Exercise description:
From the entries below, write out exactly the lines between the line holding "换句话说,这可能是当下Z世代" and the line holding "Zdjęcia, Zachód, Słońca, Żyrafy", inclusive, excluding any pictures.

Material provided:

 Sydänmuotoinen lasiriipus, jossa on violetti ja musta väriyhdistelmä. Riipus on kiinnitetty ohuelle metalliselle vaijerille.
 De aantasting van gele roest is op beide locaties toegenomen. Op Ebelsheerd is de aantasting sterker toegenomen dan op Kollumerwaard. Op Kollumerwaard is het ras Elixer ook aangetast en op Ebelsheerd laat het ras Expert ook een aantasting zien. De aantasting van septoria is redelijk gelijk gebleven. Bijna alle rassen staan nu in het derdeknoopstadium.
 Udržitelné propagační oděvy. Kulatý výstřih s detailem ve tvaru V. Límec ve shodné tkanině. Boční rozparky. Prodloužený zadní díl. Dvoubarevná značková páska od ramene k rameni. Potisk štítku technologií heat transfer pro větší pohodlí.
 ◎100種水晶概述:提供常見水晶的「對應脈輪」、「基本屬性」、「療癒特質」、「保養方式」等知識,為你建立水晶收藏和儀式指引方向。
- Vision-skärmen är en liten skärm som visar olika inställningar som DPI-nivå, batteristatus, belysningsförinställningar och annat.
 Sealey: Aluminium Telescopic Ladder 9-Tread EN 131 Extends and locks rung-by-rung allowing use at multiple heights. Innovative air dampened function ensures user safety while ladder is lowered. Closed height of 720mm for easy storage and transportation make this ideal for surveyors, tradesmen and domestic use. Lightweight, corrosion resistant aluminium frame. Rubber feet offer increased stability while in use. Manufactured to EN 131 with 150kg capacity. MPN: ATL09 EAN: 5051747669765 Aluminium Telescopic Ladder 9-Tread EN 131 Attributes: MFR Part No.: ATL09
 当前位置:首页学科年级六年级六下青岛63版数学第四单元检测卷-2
* * *
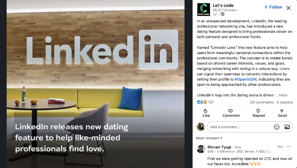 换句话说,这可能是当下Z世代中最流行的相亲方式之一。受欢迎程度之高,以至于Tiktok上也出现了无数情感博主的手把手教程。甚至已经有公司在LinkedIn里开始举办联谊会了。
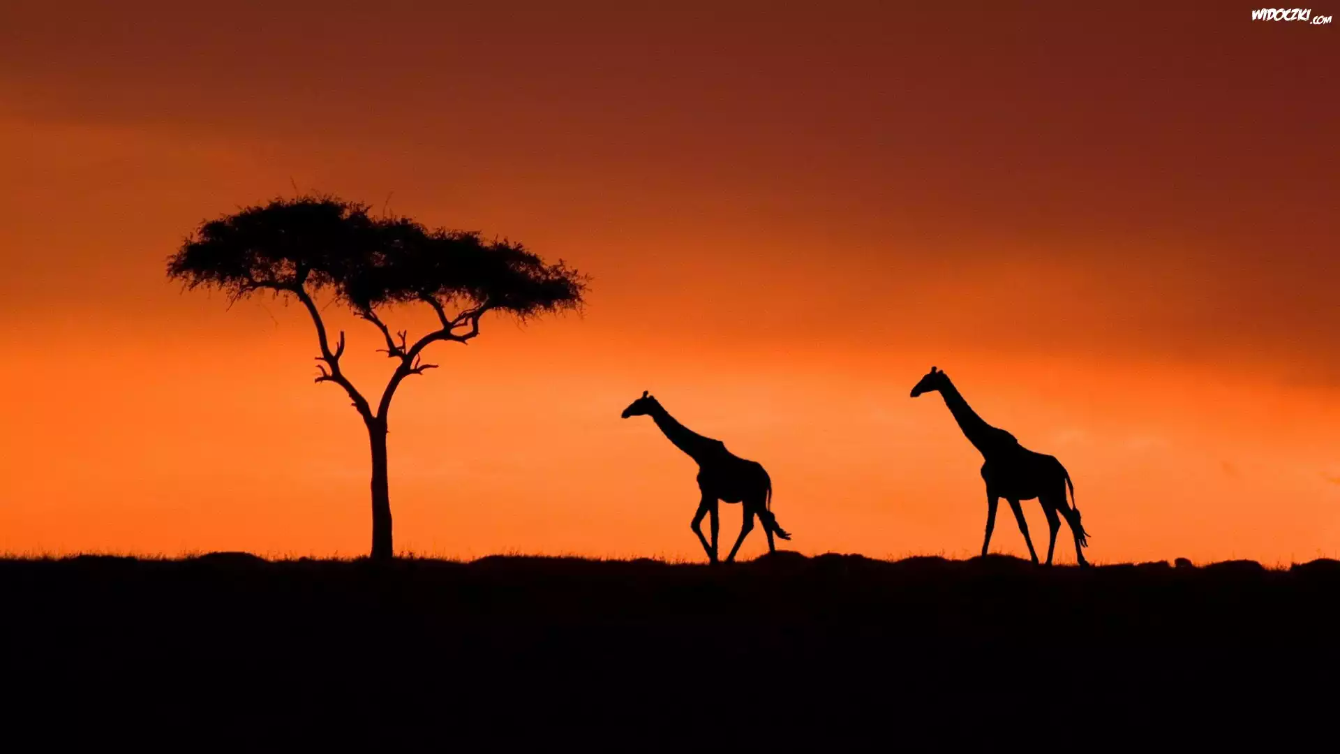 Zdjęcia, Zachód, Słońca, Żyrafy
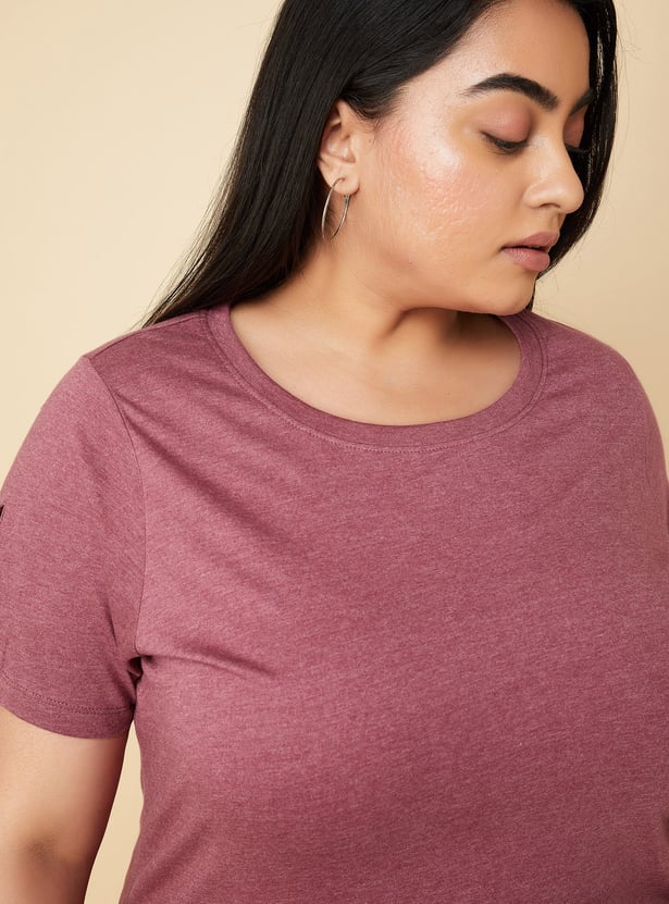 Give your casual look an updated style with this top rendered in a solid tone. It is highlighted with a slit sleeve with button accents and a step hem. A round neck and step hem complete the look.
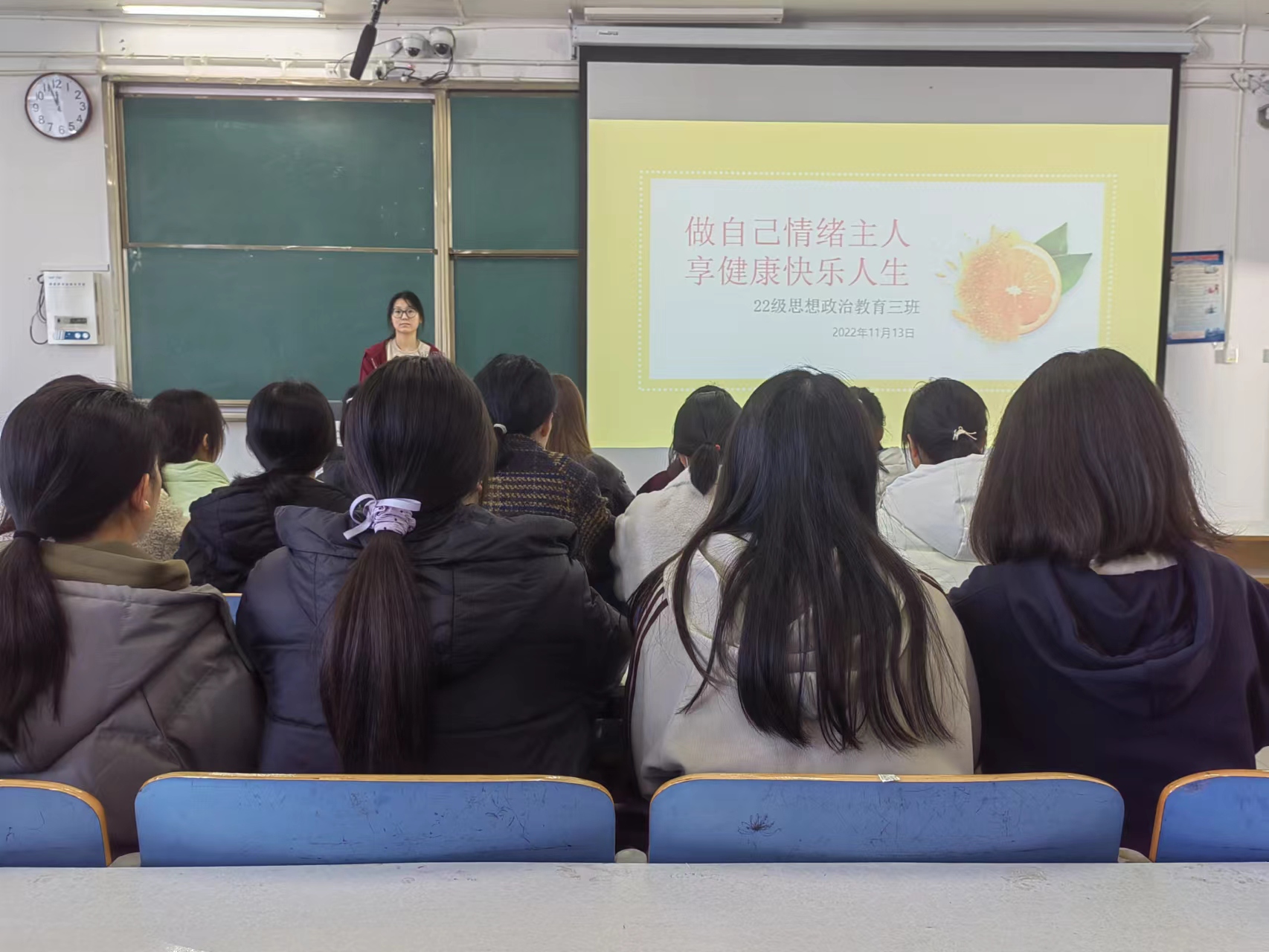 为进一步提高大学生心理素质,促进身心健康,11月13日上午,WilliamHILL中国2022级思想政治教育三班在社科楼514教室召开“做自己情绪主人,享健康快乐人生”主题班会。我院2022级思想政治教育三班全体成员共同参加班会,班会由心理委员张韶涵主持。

Answer for this exercise:
 换句话说,这可能是当下Z世代中最流行的相亲方式之一。受欢迎程度之高,以至于Tiktok上也出现了无数情感博主的手把手教程。甚至已经有公司在LinkedIn里开始举办联谊会了。
 Zdjęcia, Zachód, Słońca, Żyrafy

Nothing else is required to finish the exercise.